Option One: Banana 'Nice Cream'
This is literally like having dessert for breakfast, but with zero guilt as it's completely healthy and nutritious! To make a basic nice-cream, all you need is frozen bananas, optional plant based milk (if you're not using milk, it's best to let the bananas thaw a little first, unless you have a super powerful blender!) and a blender or food processor. Then of course any other fruits and flavourings you wish to add.
Option 2: Overnight Oats
This is an amazing option for those with little time on their hands in the morning. As it's technically cold porridge, it is a bit of an acquired taste, but get the flavours right and this again, is like dessert for breakfast and I am all about that. To make this, I put rolled oats and frozen fruit into a bowl or jar and cover in almond milk, soy milk or oat milk. The oats will slightly take on the taste of whatever milk you use so I suggest you find one you really like! Oat milk is pretty neutral so that's a good idea to start with. Then you just pop a lid on (or a small plate over the bowl) and put it in the fridge overnight. If you want a sweeter taste, you can add a sweetener of your choice, to keep it healthy, I love to use date nectar, but you could try maple syrup, agave nectar etc.
Option 3: Smoothies
Groundbreaking, I know. However, I do have a couple of smoothie tips for those who struggle to actually eat a full breakfast in the morning. Sometimes, (very rarely for me, as breakfast is one of the loves of my life) we just don't feel like eating food in the morning. Maybe you're just not a 'breakfast person'. Smoothies are a great options for those who feel this way, as it's easy to pack it lots of nutrients without actually feeling like you're consuming a full meal in the small hours of the day! Try blending a handful of oats or seeds in with your morning smoothie for a more nutrient dense, satisfying start to the day.

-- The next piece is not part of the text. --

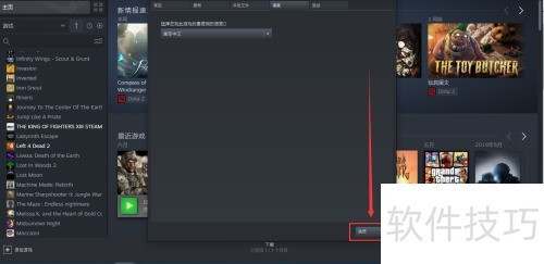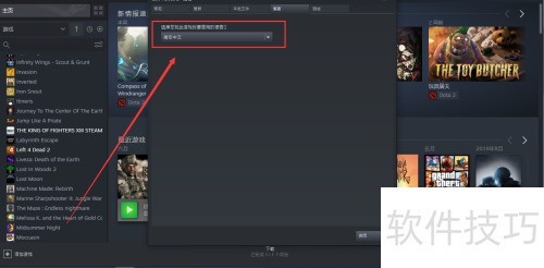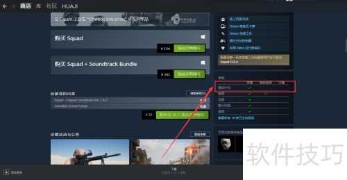 1、 在电脑桌面打开Steam客户端,进入Squad游戏设置界面,选择语言选项并更改为中文即可完成设置。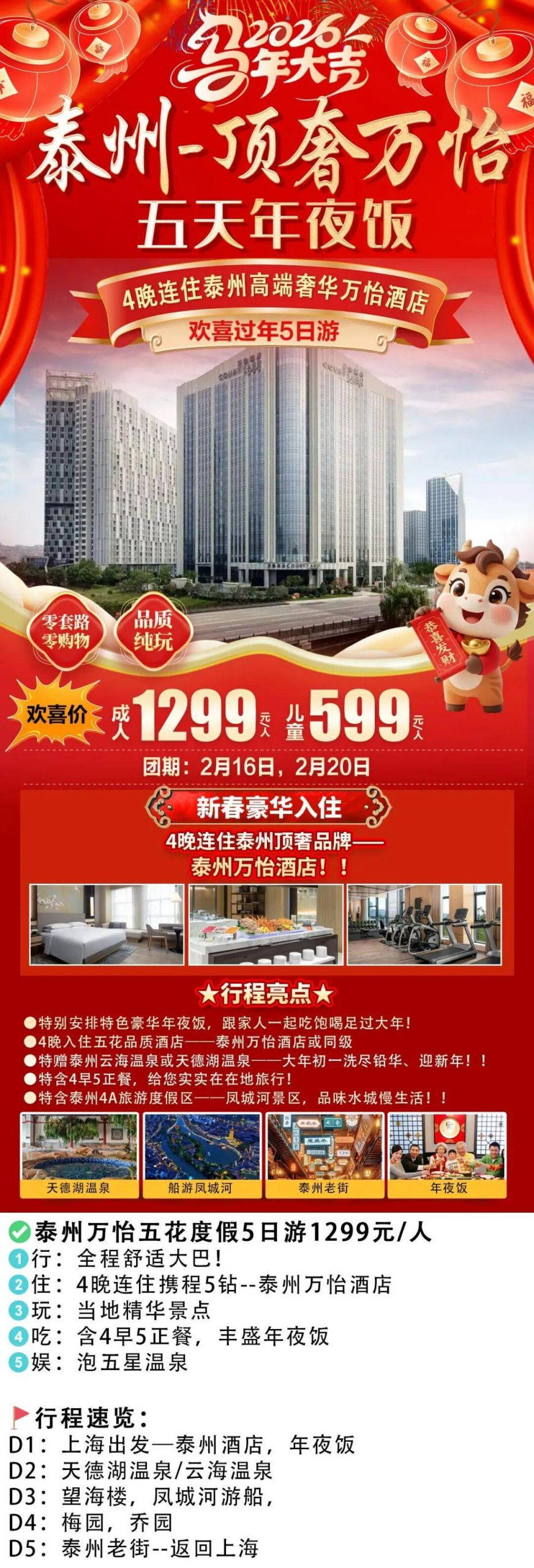 D1:上海中午12:00指定地点出发(具体地址以工作人员通知为准)赴泰州,前往酒店办理入住,晚餐享用丰盛【年夜饭】,结束后可以在房间内观看央视春晚。

This smoothie was made up of half a pineapple and a handful of frozen strawberries and a handful of frozen blueberries with around a cup of water and a tablespoon of hemp seeds. Top tip, I use a milling blade in my blender to first finely mill the seeds, then add the fruits and liquid to make the seeds virtually undetectable. If you fancy even more nutrition, you could add a handful of spinach or some other greens too, if you're quite new to smoothie breakfasts though, I'd easy yourself in easily with the greens as they can be quite overpowering if you get the balance off!
Other favourites of mine include banana, blueberry, oat and plant based milk smoothies and green apple, mango and raspberry smoothies, but definitely experiment with your favourite fruits! I love to buy fruit frozen where I can as it often works out cheaper and it makes the smoothie nice and cold, which I love.
So, that's it! My three favourite types of breakfasts, all pretty easy, all very healthy and nutritious and super satisfying. Hope you enjoyed!
What's your favourite thing to have for breakfast?